- **Task item**
Set down each line of the data below exactly as it stands, dropping the pictures.

- **Available data**
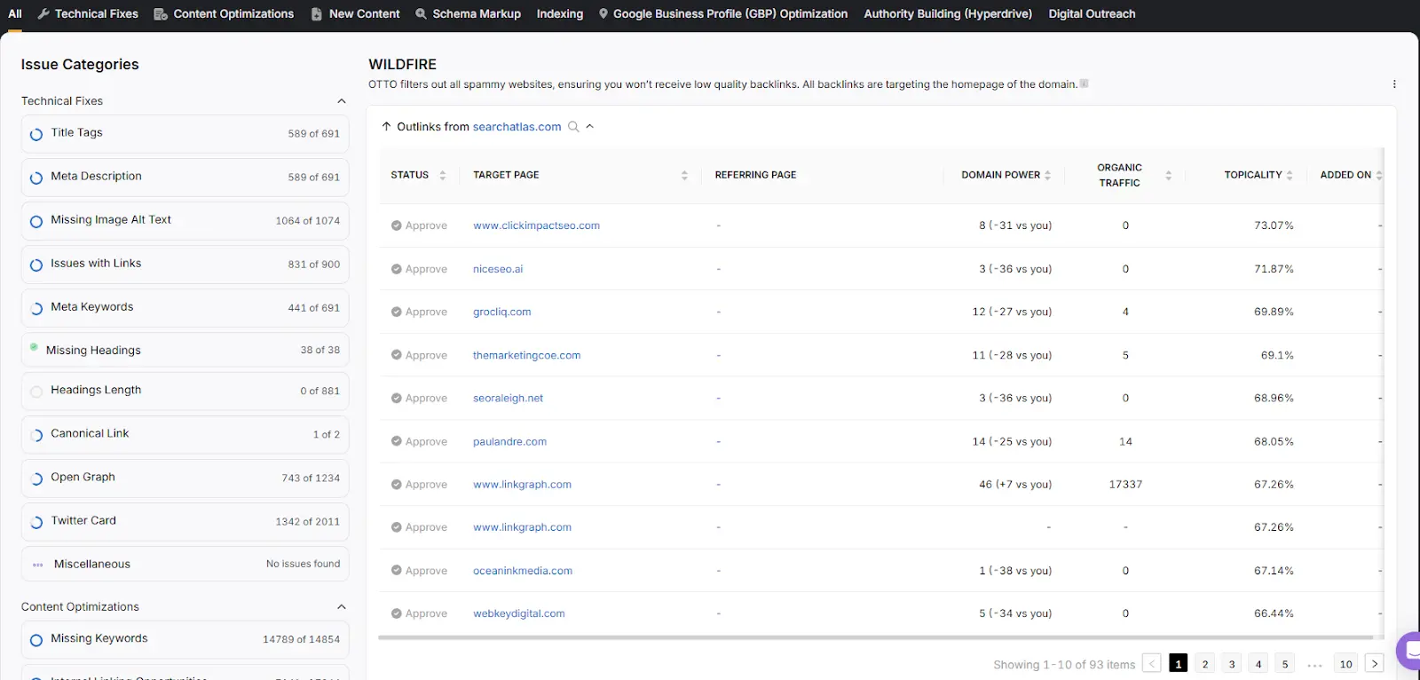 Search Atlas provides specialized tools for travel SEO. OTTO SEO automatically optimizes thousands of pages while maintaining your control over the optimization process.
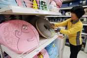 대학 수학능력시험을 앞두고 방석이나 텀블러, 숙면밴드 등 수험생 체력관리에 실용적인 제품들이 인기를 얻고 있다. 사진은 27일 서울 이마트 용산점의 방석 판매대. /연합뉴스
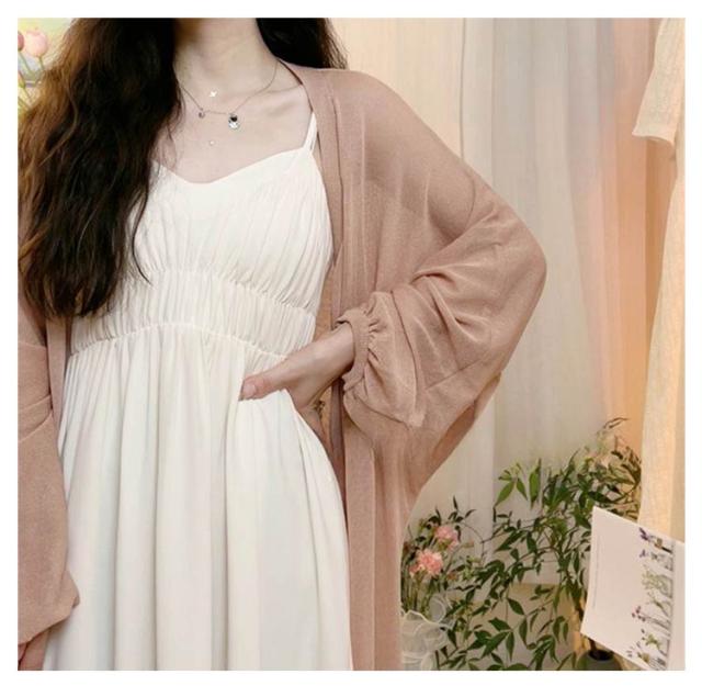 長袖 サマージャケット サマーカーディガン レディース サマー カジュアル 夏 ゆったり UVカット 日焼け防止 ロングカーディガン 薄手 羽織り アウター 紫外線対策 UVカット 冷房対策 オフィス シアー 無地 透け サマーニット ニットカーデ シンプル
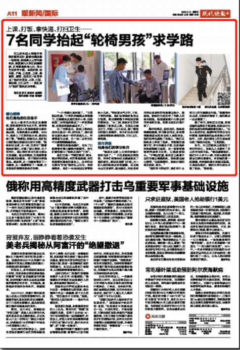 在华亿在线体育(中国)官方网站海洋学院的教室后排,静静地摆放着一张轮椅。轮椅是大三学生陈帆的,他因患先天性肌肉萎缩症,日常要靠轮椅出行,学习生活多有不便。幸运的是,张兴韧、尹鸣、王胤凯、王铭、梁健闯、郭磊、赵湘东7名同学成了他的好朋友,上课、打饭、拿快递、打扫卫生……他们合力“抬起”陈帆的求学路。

- **Result**
 Search Atlas provides specialized tools for travel SEO. OTTO SEO automatically optimizes thousands of pages while maintaining your control over the optimization process.
 대학 수학능력시험을 앞두고 방석이나 텀블러, 숙면밴드 등 수험생 체력관리에 실용적인 제품들이 인기를 얻고 있다. 사진은 27일 서울 이마트 용산점의 방석 판매대. /연합뉴스
 長袖 サマージャケット サマーカーディガン レディース サマー カジュアル 夏 ゆったり UVカット 日焼け防止 ロングカーディガン 薄手 羽織り アウター 紫外線対策 UVカット 冷房対策 オフィス シアー 無地 透け サマーニット ニットカーデ シンプル
 在华亿在线体育(中国)官方网站海洋学院的教室后排,静静地摆放着一张轮椅。轮椅是大三学生陈帆的,他因患先天性肌肉萎缩症,日常要靠轮椅出行,学习生活多有不便。幸运的是,张兴韧、尹鸣、王胤凯、王铭、梁健闯、郭磊、赵湘东7名同学成了他的好朋友,上课、打饭、拿快递、打扫卫生……他们合力“抬起”陈帆的求学路。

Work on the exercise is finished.